Task description >> Quote only the lines that start at the line with "本屆「金V獎(jiǎng)」" and run to the end of the entries; omit the pictures.

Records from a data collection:
Content starts

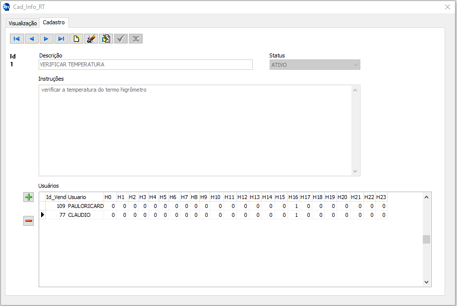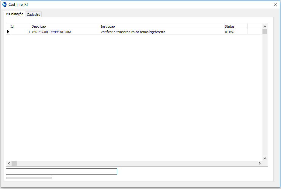 Essa é a aba onde serão incluídos os informativos. Tendo como opção, incluir a descrição, a instrução do mesmo e o status se será ativo ou inativo (caso queira que a informação não seja mais encaminhada na tela).
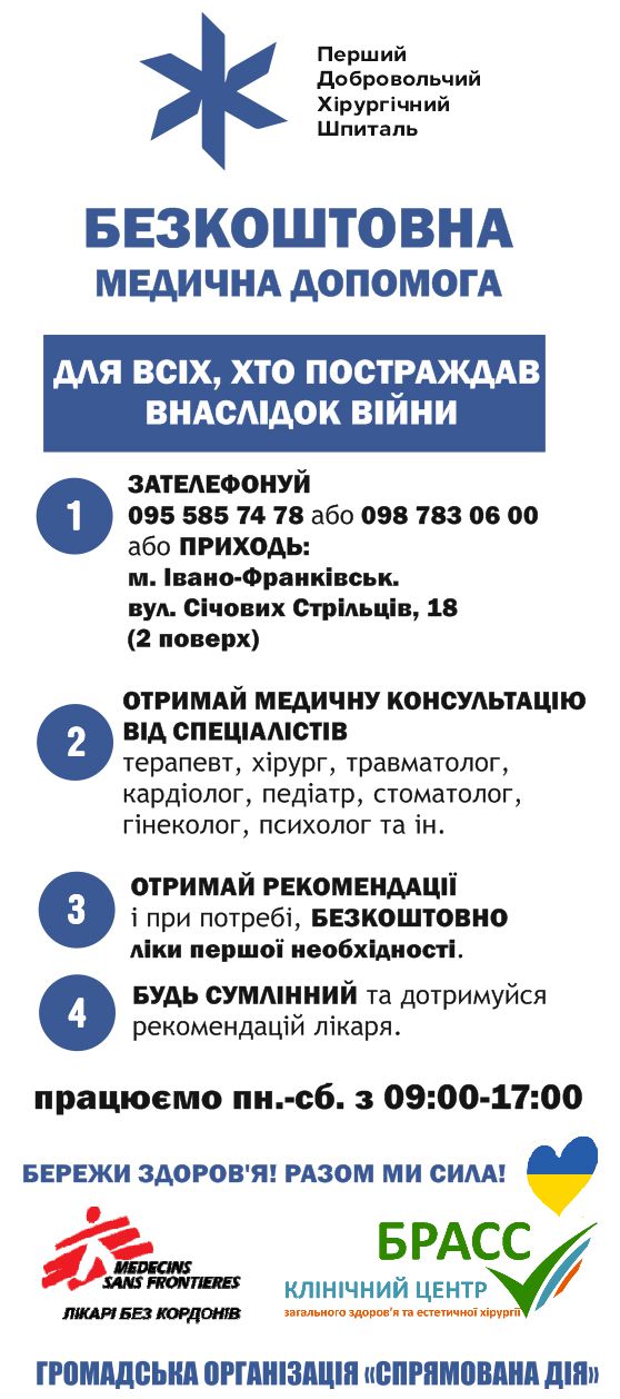 Тут внутрішньо переміщені особи зможуть безоплатно отримати допомогу медиків (терапевт, травматолог, хірург, ЛОР, гінеколог, УЗД), потрібні медикаменти та проконсультуватися з фаховим психологом. Реалізація проекту — це співпраця Громадської організації «Спрямована дія», Міжнародної гуманітарної організації «Лікарі без кордонів» Médecins sans Frontières — Іспанія, клініки «БРАСС» та ініціативи народного депутата Оксани Савчук, інформують "Вікна".
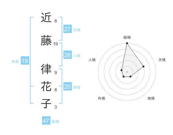 近藤 律花子さんを姓名の画数から五運を鑑定
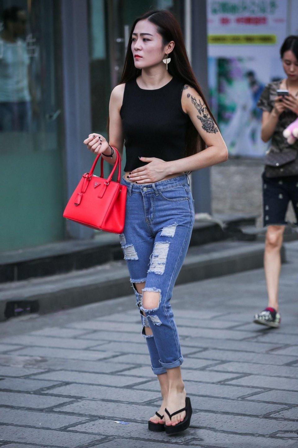 下身搭配一条略显宽松的破洞牛仔裤,新颖吸睛,时尚有个性,脚踩坡跟人字拖,简单大方又不失美感,清凉舒适、随性自然,美丽又养眼。一身简单大方的装扮显露出匀称好身材、也衬托出优美迷人的气质。但是看少妇的手一直捂着,并且眉头紧锁,不知是否是因为衣服过短而着凉了,如果真是如此,那么小编还是建议大家在美丽的同时也别忘了照顾好自己的身体哦!
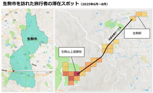 生駒市を訪れた旅行者の滞在スポットを確認すると、生駒駅から近鉄生駒ケーブルを利用して、生駒山上遊園地へ滞在する様子が見られました。
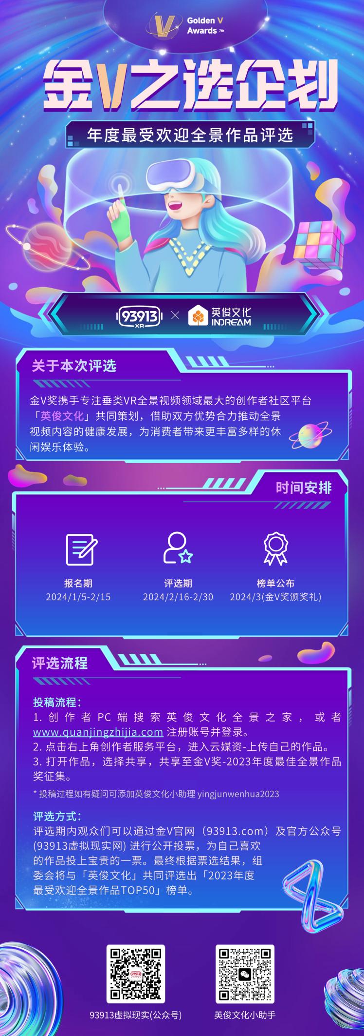 本屆「金V獎(jiǎng)」年度最佳全景作品評(píng)選的投稿報(bào)名通道將在2024年1月5日開(kāi)啟,并于2024年2月15截止。創(chuàng)作者們可以通過(guò)英俊文化官方渠道進(jìn)行投稿報(bào)名(網(wǎng)頁(yè)訪問(wèn)www.quanjingzhijia.com或掃描下方二維碼進(jìn)入報(bào)名頁(yè)面)。
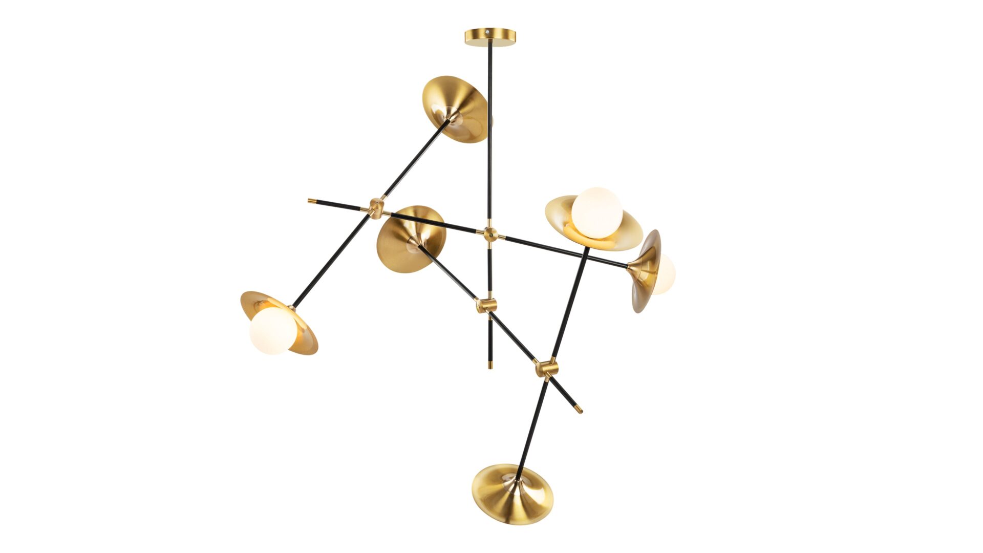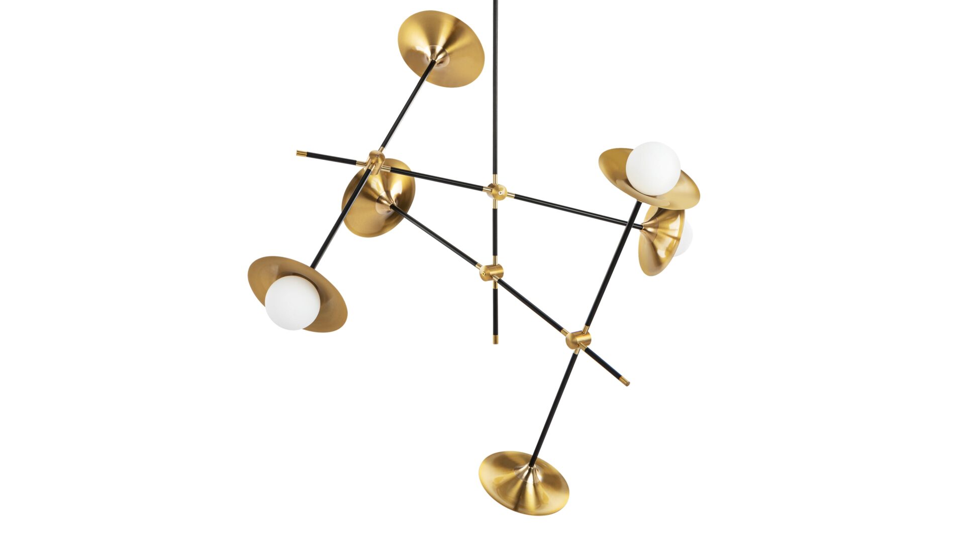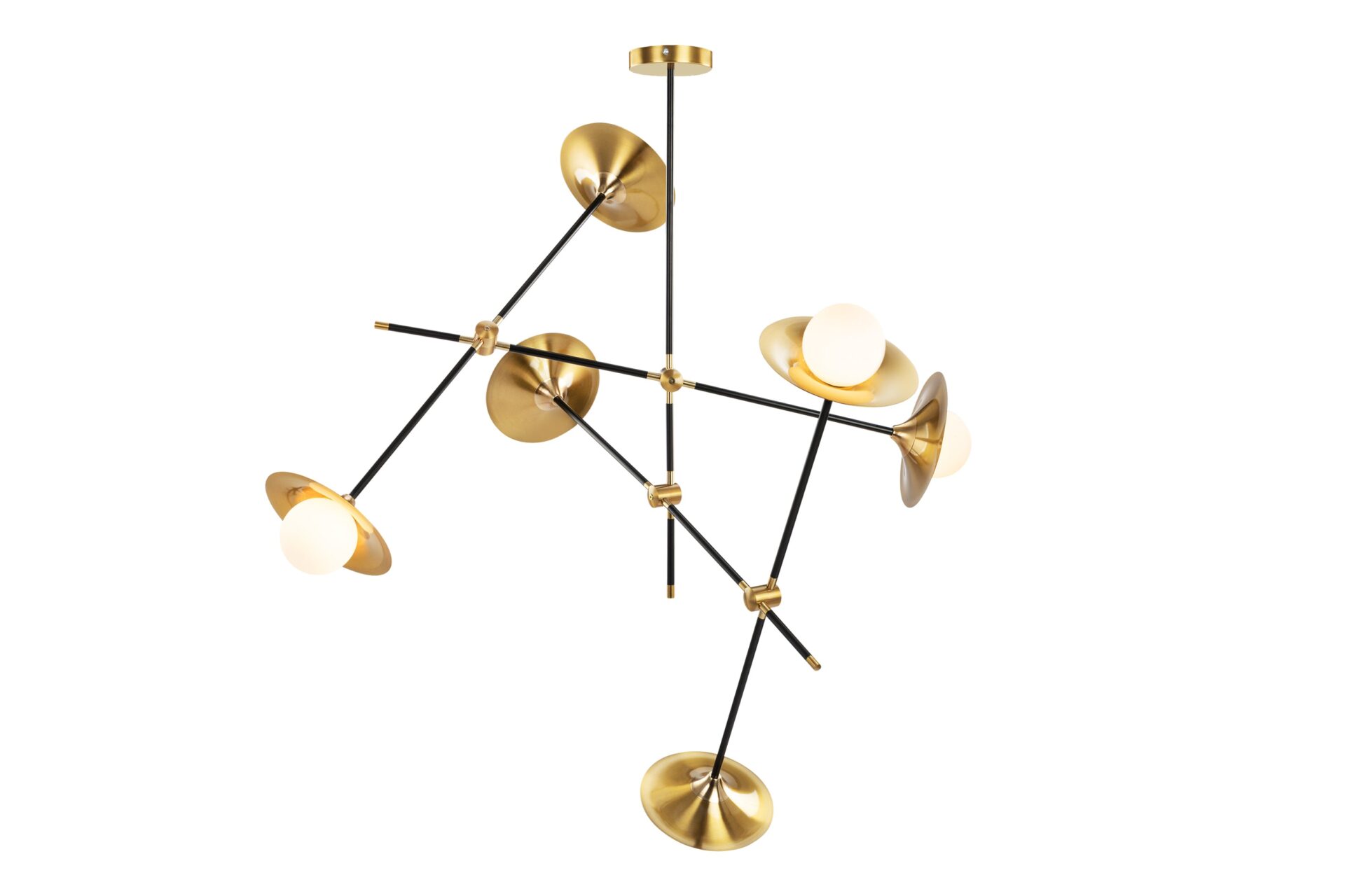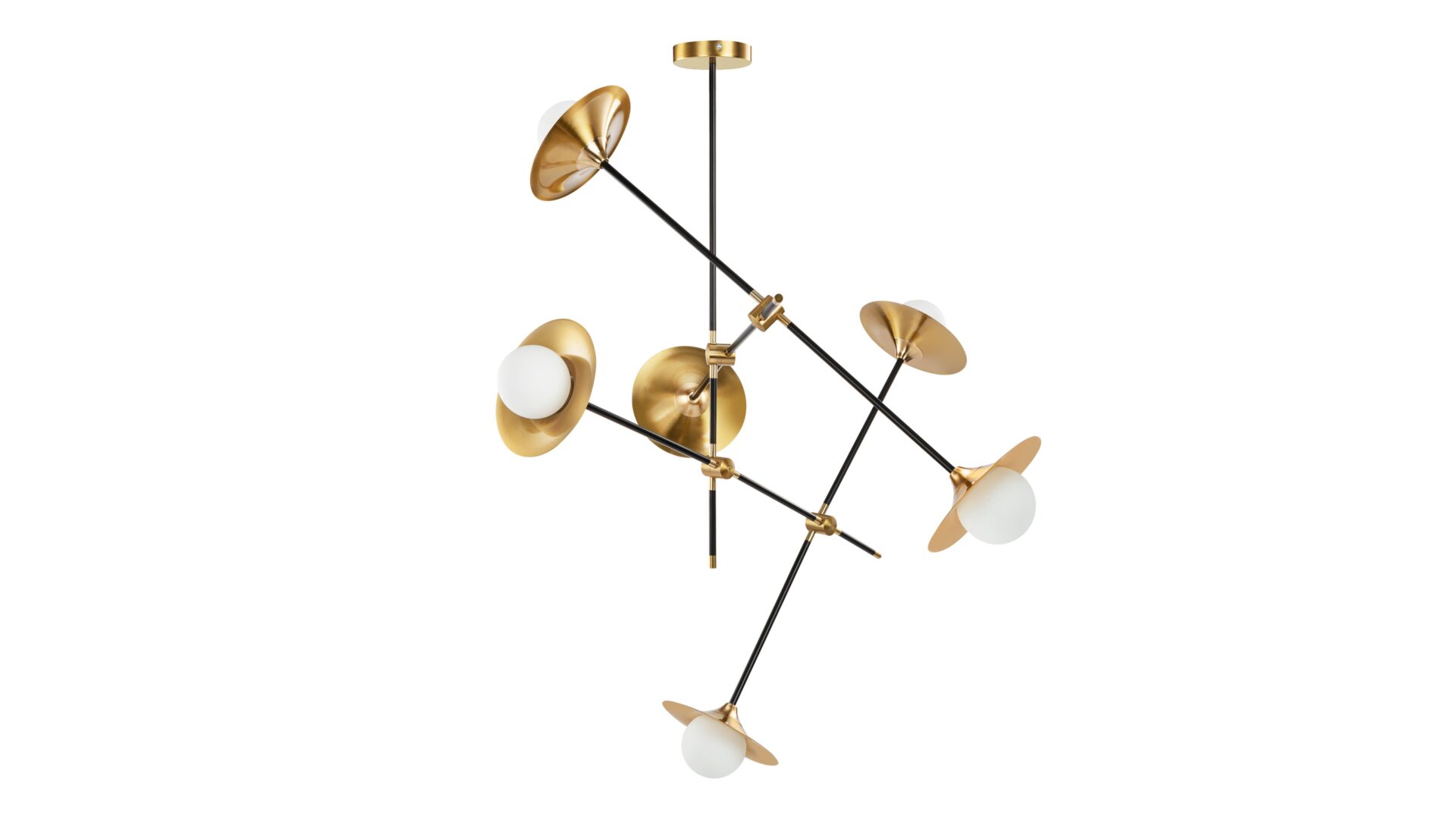 Experience modern elegance with the Prater Chandelier, showcasing a stylish metal construction with a unique and contemporary flair. Its adjustable poles offer flexibility to direct light, while the black finish creates a striking contrast with the bright brass finish on the shades, pivot points, and ceiling mount. The standout trumpet-like shades enhance the chandelier's distinctive and captivating look. Perfect for modern interiors, this statement lighting piece seamlessly combines functionality with a memorable visual appeal.

Content ends

Finished exercise >>
 本屆「金V獎(jiǎng)」年度最佳全景作品評(píng)選的投稿報(bào)名通道將在2024年1月5日開(kāi)啟,并于2024年2月15截止。創(chuàng)作者們可以通過(guò)英俊文化官方渠道進(jìn)行投稿報(bào)名(網(wǎng)頁(yè)訪問(wèn)www.quanjingzhijia.com或掃描下方二維碼進(jìn)入報(bào)名頁(yè)面)。
 Experience modern elegance with the Prater Chandelier, showcasing a stylish metal construction with a unique and contemporary flair. Its adjustable poles offer flexibility to direct light, while the black finish creates a striking contrast with the bright brass finish on the shades, pivot points, and ceiling mount. The standout trumpet-like shades enhance the chandelier's distinctive and captivating look. Perfect for modern interiors, this statement lighting piece seamlessly combines functionality with a memorable visual appeal.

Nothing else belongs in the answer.